Differential methylation analysis was based on the β values and using the champ. The DMP function considered CpG probes with a nominal p value ≤ 1.3 × 10–7 (corresponding to genome-wide significance) and an absolute change in β value ≥ 0.2 as significantly methylated. Initial analysis of the shared CpGs from 83 specimens (including 65 APT/PC patients and 12 control patients) revealed two specimens as clear outliers. One was the only available specimen from a metastasis in a patient with a silent corticotroph tumor who also had two additional neoplasms: a rare retroperitoneal liposarcoma and colorectal adenocarcinoma, potentially indicating an underlying genetic tumor syndrome. The morphological appearance of this tumor was consistent with a neuroendocrine tumor, and there was distinct TPIT nuclear staining in the tumor cells. This patient was subsequently excluded from the cohort. The other outlier was a paired specimen from a tumor recurrence of a silent PIT1-positive APT, with no other known malignancy or syndrome. The morphological appearance, characterized by lobular architecture and moderate cell atypia, could suggest an immature PIT1-cell lineage tumor. However, the similarity between the first and recurrent specimens argues against dedifferentiation to an immature PIT1-cell lineage tumor over time. The recurrent specimen, which exhibited outlier behavior, was excluded, while the first surgery specimen was further analyzed as part of the first surgery cohort (Fig. 1). For information regarding the methylation class of the two outliers, see the Methylation profiling and tumor classification section in the Results section. The two outlier specimens were not part of the study cohort presented in Table 1.

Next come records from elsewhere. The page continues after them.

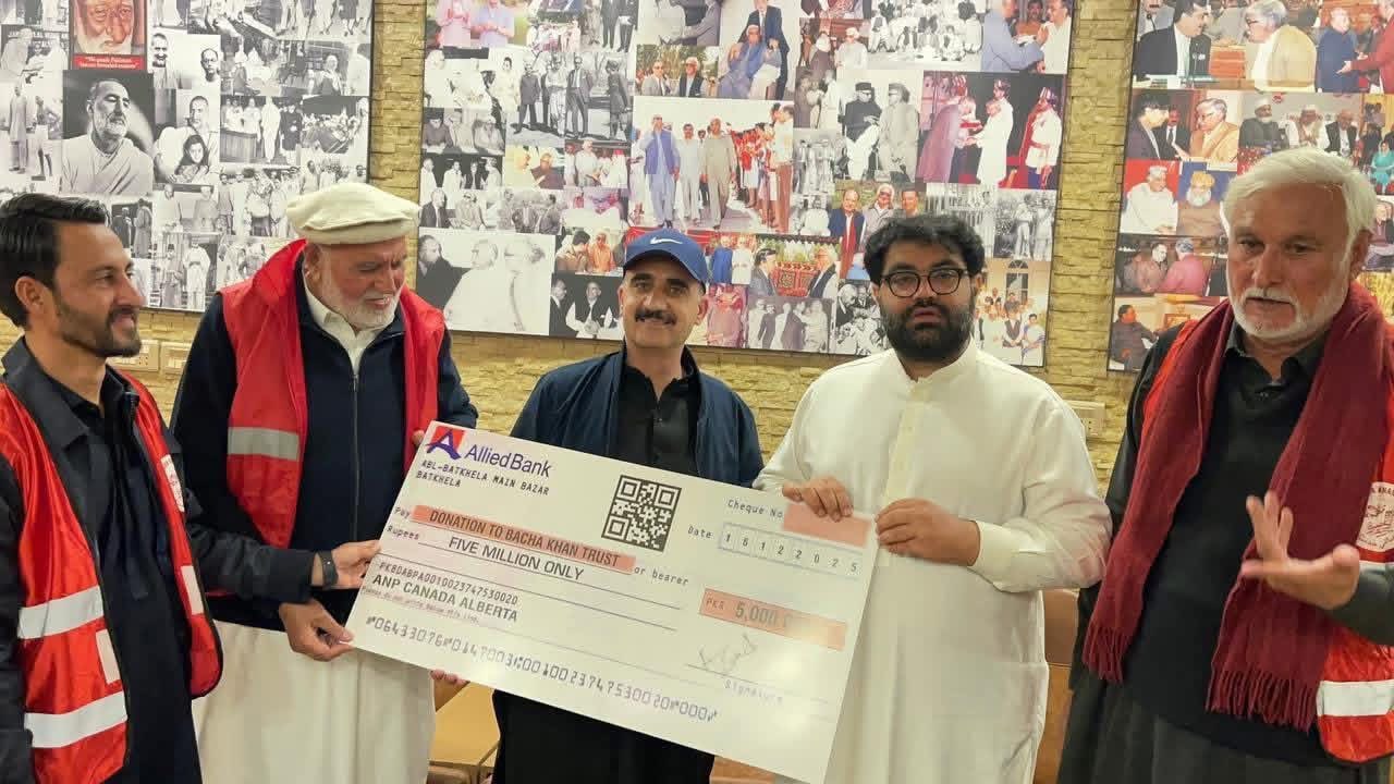 PESHAWAR: Awami National Party (ANP) Alberta, Canada, President Sherak Bar Khan, along with General Secretary Asad Khan Shahzada, Ashtar Khan, Hussain Ali Sena, Mia Ji, Khadim Shah, and other members, presented a cheque of Rs50 million to support welfare initiatives.
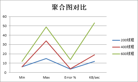 除去图形结果已对比度指标,我们选取了Min、Max、Error%和KB/sec进行对比,可见600并发进程的明显处理效果落后,最大、最小响应时间、响应错误率、每秒种请求的字节数明显上升,系统承载力、资源使用率、并发容量明显不济,与图形结果所得出的结果基本一致,验证了500进程数为系统秒级阀值的结论具有一定可靠性和科学性。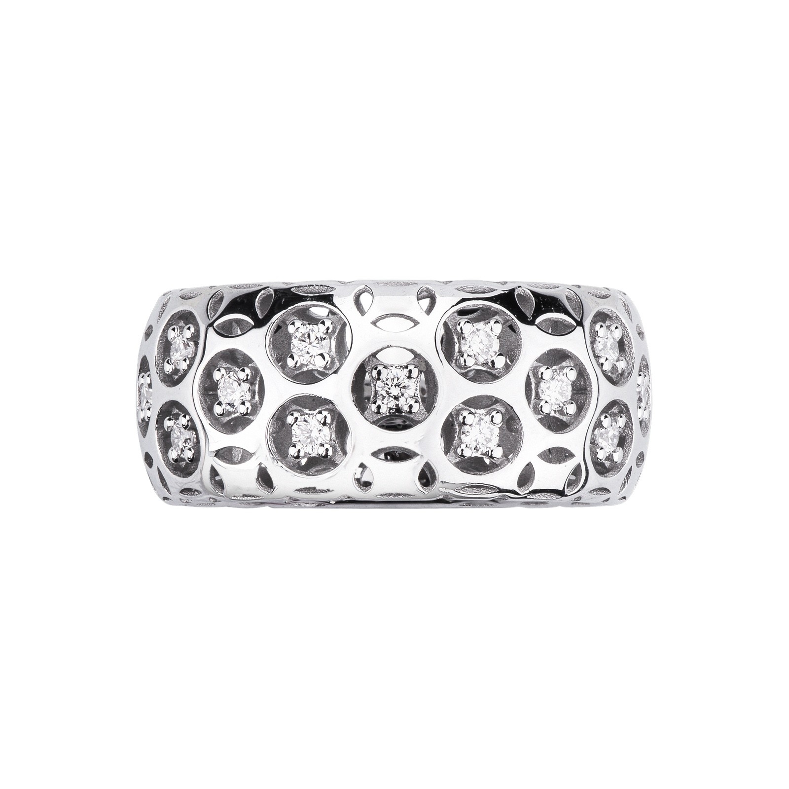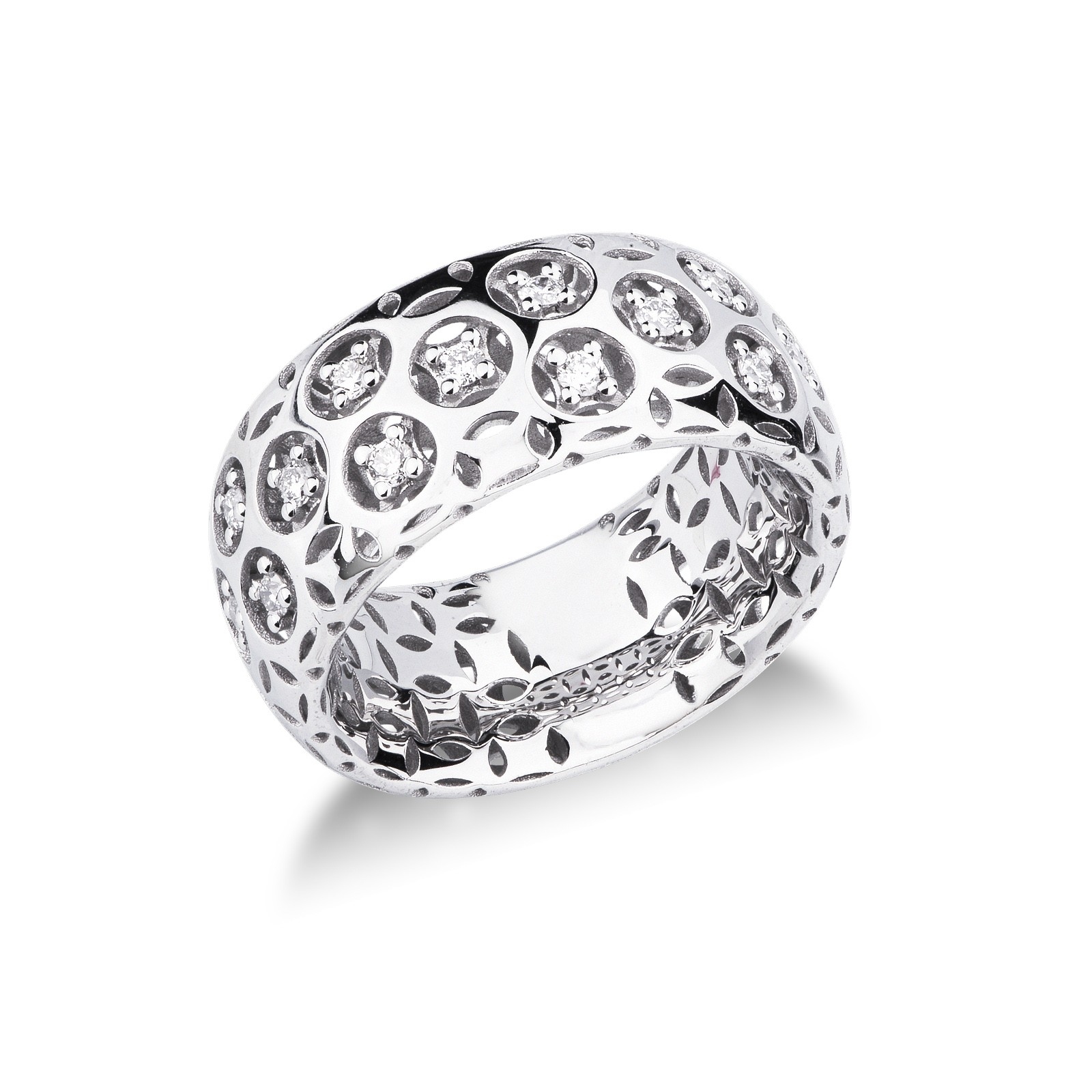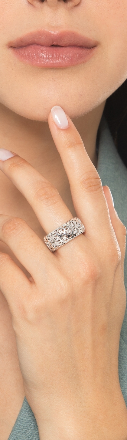 Bague à jonc ajouré en or blanc 18k avec diamants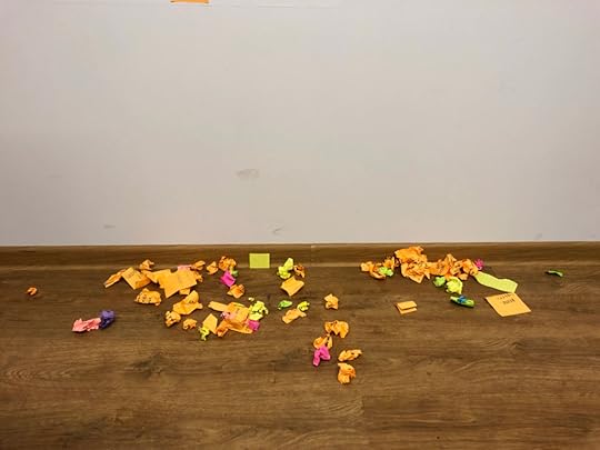 Chaotyczna eksploracja – zapisywanie i przyklejanie na ścianie pomarańczowych karteczek ze zdarzeniami biznesowymi. Zdania na karteczkach powinny być sformułowane w czasie przeszłym.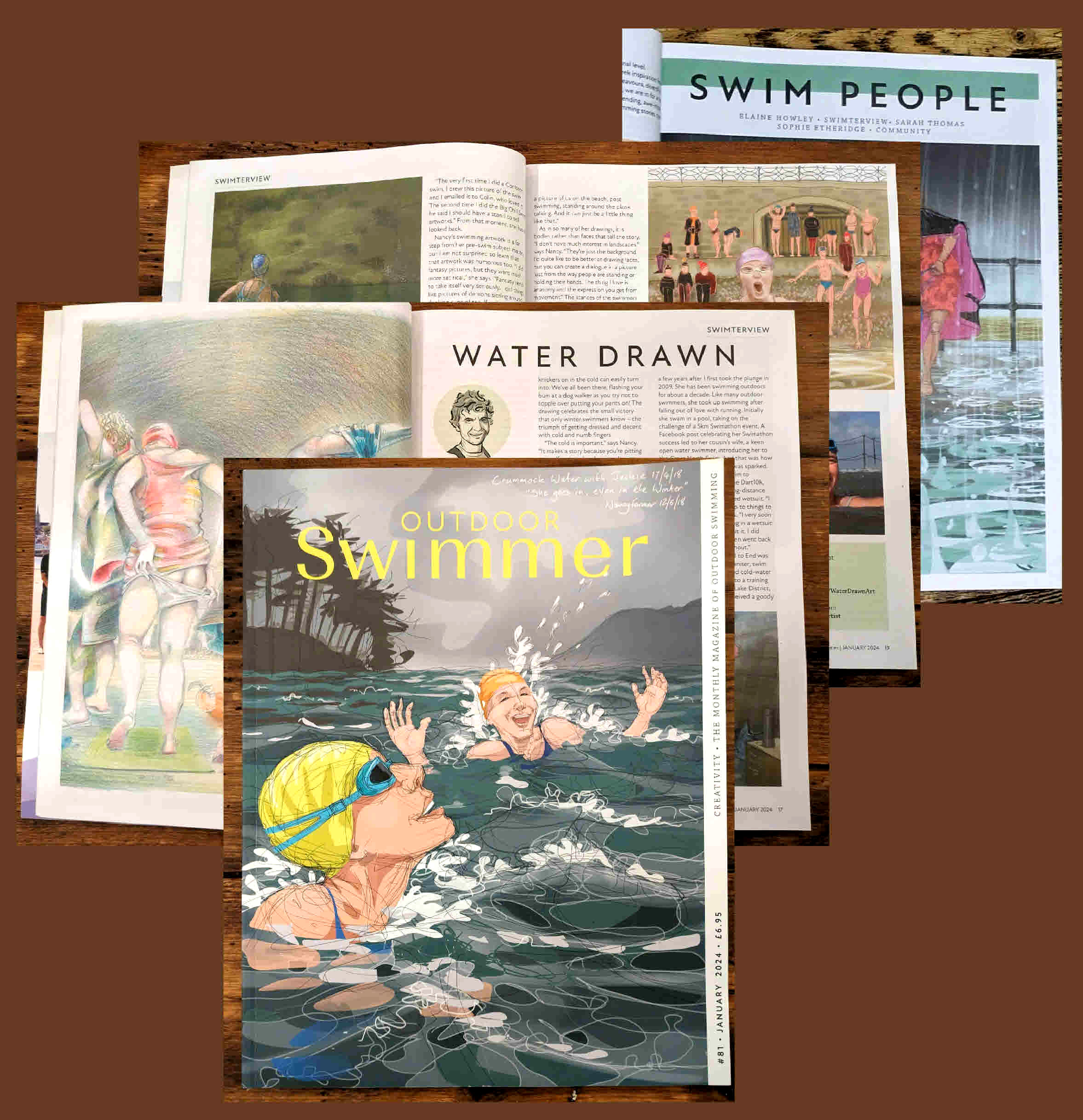 Absolutely delighted to be interviewed by Jonathan Cowie for the January Issue of Outdoor Swimmer! Thank you Jonathan for a really lovely write-up too, which features artwork, cold water, friends… the correct protocol of NOT swimming immediately… and the not insignificant amount of cat-interruptions which punctuated the interview.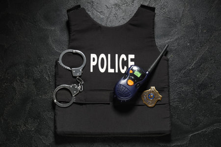 Police officer's bulletproof vest, weapon, walkie-talkie and handcuffs on dark background

We compared the degree of methylation between the APT/PC group and the benign tumor group, both in the entire dataset and in the subset of 50 tumor specimens obtained from the first surgery.

Gene set enrichment analysis of differentially methylated positions between aggressive and metastatic PitNETs

Gene set enrichment analysis (GSEA) was performed using the msigdbr and fgsea R packages. For each comparison of differential methylation, the CpGs were ranked by their β-values, from most positive to most negative. Next, CpGs located outside a gene loci were filtered out. For those CpGs located in multiple positions within the same gene, only the entry with the highest absolute value was kept for further analysis. The final pre-ranked individual genes were then subjected to GSEA. We used collections of human KEGG (Kyoto Encyclopedia of Genes and Genomes, http://www.genome.jp/kegg/) defined gene sets as input for the analysis. GSEA was conducted using 1000 permutations, with the eps set to zero. The minimum and maximum gene set sizes were set to 15 and 500, respectively. Gene sets with FDR ≤ 0.05 were considered as being statistically significantly enriched.